EXERCISE GOAL: For the material below, the expected output is exactly the lines between the line holding "আজকের প্রবাহ-১৯ জানুয়ারি-২০২৬ ইং" and the line holding "cette ville globale.", inclusive, with pictures left out.

SOURCE RECORDS:
== Segment start ==

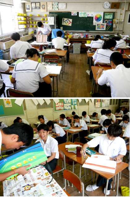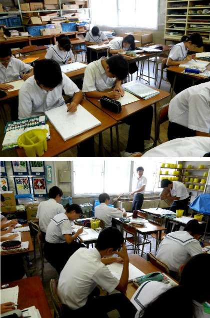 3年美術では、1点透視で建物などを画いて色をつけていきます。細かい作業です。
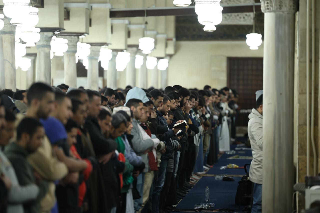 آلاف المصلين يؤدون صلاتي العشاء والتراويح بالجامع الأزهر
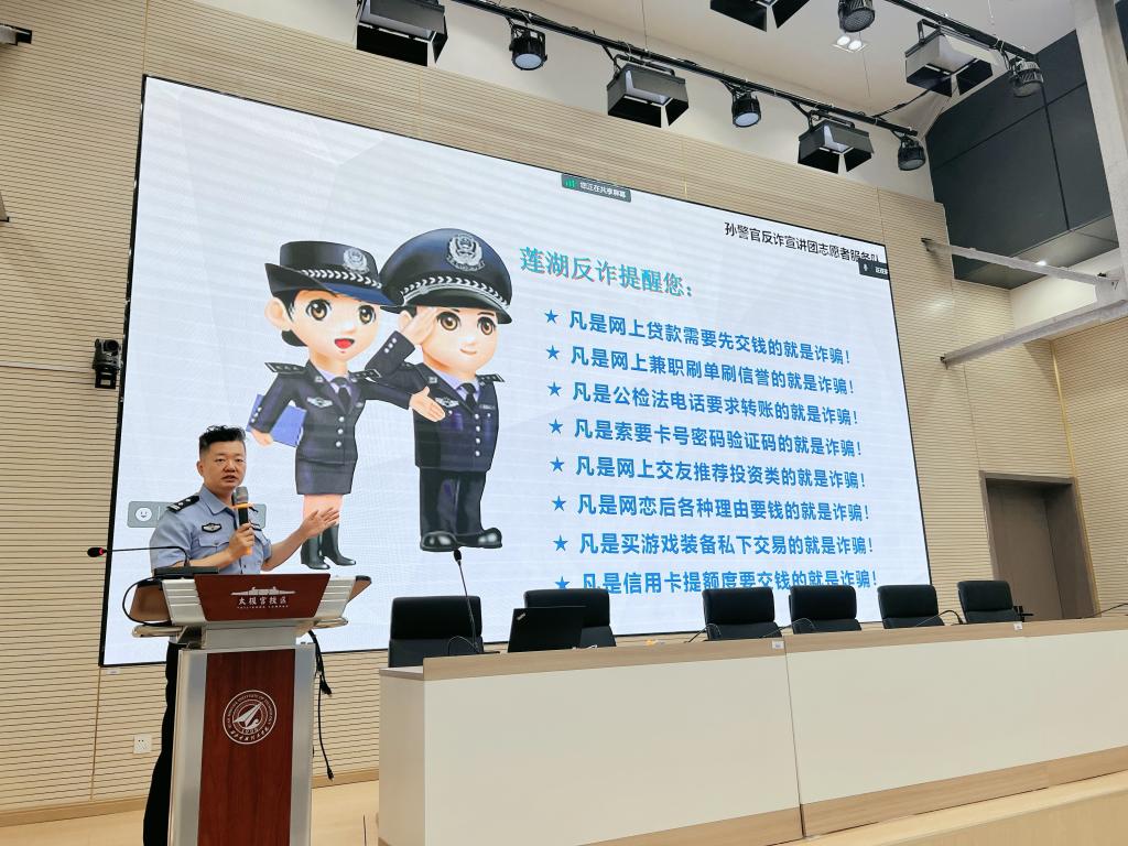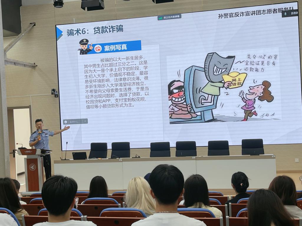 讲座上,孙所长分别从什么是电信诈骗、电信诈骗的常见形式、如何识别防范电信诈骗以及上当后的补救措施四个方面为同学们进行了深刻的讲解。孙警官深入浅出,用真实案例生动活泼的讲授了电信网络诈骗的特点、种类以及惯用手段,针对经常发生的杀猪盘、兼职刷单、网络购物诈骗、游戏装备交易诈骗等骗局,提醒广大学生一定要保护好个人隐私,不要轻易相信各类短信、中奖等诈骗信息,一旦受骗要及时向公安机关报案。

== Segment end ==
== Segment start ==

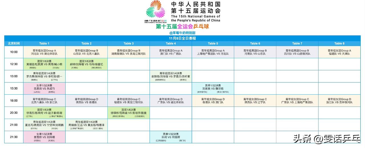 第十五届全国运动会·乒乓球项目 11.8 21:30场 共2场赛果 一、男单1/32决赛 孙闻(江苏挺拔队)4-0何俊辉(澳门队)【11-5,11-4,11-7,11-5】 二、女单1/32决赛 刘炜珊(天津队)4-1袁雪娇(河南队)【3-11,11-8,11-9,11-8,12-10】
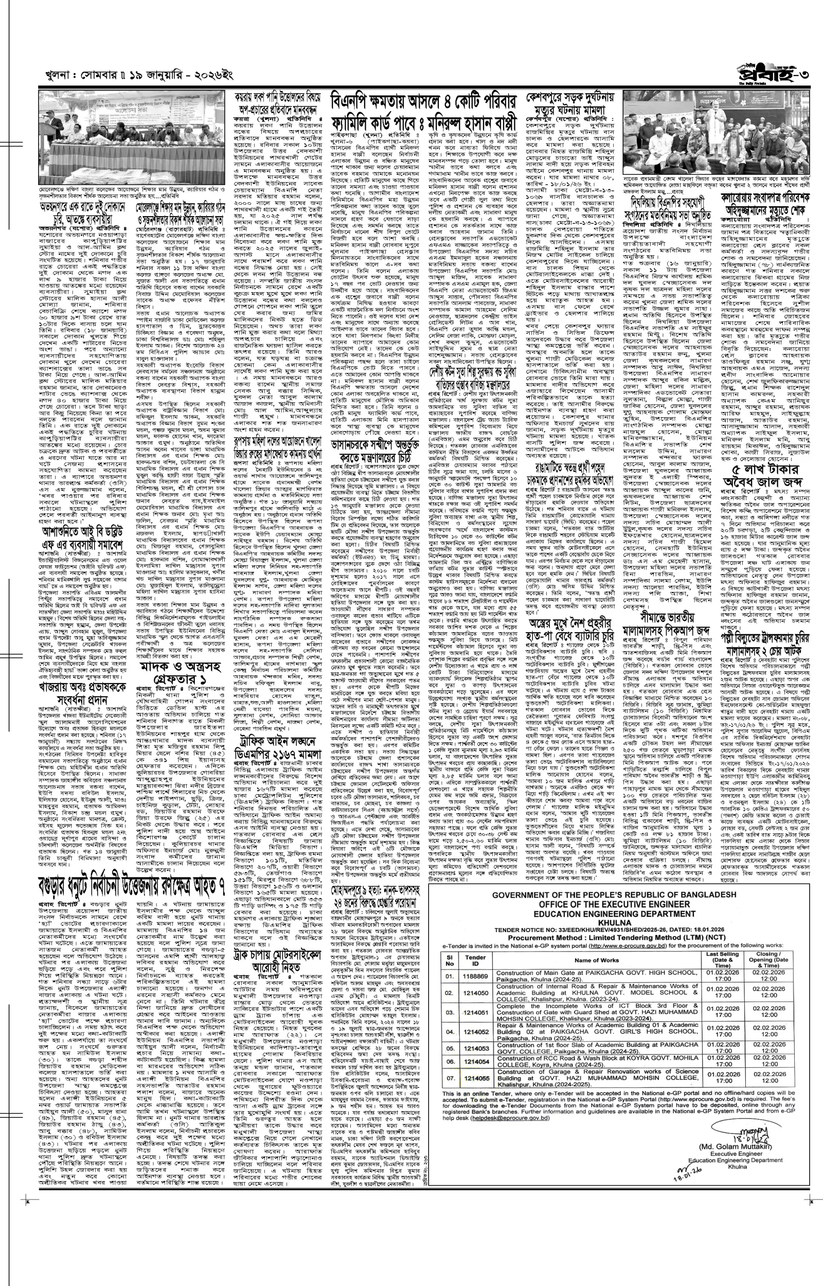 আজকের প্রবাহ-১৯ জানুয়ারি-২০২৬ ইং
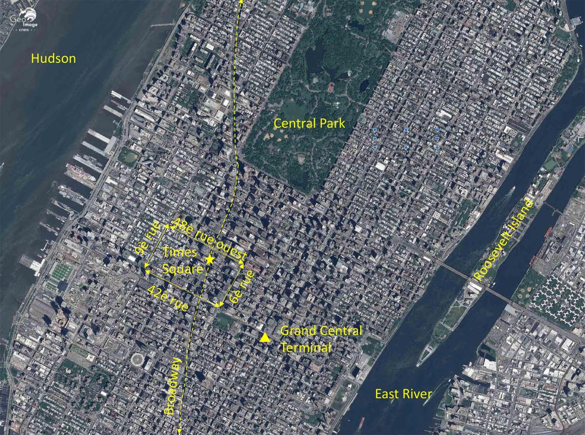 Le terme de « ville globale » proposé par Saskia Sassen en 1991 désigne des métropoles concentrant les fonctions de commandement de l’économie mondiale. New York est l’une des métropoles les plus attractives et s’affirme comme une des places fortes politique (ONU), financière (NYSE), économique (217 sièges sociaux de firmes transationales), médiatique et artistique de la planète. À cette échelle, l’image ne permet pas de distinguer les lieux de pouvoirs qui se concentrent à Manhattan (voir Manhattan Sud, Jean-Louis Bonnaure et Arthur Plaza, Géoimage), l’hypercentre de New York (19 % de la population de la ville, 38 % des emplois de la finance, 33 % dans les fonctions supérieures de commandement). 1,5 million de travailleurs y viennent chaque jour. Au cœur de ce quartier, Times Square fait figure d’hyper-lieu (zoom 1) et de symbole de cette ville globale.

== Segment end ==
== Segment start ==

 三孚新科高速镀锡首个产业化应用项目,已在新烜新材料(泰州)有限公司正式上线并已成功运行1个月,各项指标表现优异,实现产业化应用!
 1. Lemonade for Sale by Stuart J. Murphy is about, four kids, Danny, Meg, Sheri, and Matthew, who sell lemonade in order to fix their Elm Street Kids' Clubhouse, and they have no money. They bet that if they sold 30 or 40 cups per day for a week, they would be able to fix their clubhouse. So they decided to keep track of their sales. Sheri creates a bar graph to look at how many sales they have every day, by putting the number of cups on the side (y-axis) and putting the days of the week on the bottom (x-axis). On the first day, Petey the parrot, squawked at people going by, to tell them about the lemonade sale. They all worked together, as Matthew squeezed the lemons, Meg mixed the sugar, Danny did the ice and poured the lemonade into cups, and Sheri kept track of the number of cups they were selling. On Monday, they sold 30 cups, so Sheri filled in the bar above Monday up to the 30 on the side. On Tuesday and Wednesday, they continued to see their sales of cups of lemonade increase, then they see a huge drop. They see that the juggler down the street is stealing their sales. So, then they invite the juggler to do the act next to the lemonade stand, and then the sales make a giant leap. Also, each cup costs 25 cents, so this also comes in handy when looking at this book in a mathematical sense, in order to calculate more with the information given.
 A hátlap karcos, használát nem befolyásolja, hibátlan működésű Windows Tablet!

== Segment end ==

ANSWER TO THE EXERCISE:
 আজকের প্রবাহ-১৯ জানুয়ারি-২০২৬ ইং
 Le terme de « ville globale » proposé par Saskia Sassen en 1991 désigne des métropoles concentrant les fonctions de commandement de l’économie mondiale. New York est l’une des métropoles les plus attractives et s’affirme comme une des places fortes politique (ONU), financière (NYSE), économique (217 sièges sociaux de firmes transationales), médiatique et artistique de la planète. À cette échelle, l’image ne permet pas de distinguer les lieux de pouvoirs qui se concentrent à Manhattan (voir Manhattan Sud, Jean-Louis Bonnaure et Arthur Plaza, Géoimage), l’hypercentre de New York (19 % de la population de la ville, 38 % des emplois de la finance, 33 % dans les fonctions supérieures de commandement). 1,5 million de travailleurs y viennent chaque jour. Au cœur de ce quartier, Times Square fait figure d’hyper-lieu (zoom 1) et de symbole de cette ville globale.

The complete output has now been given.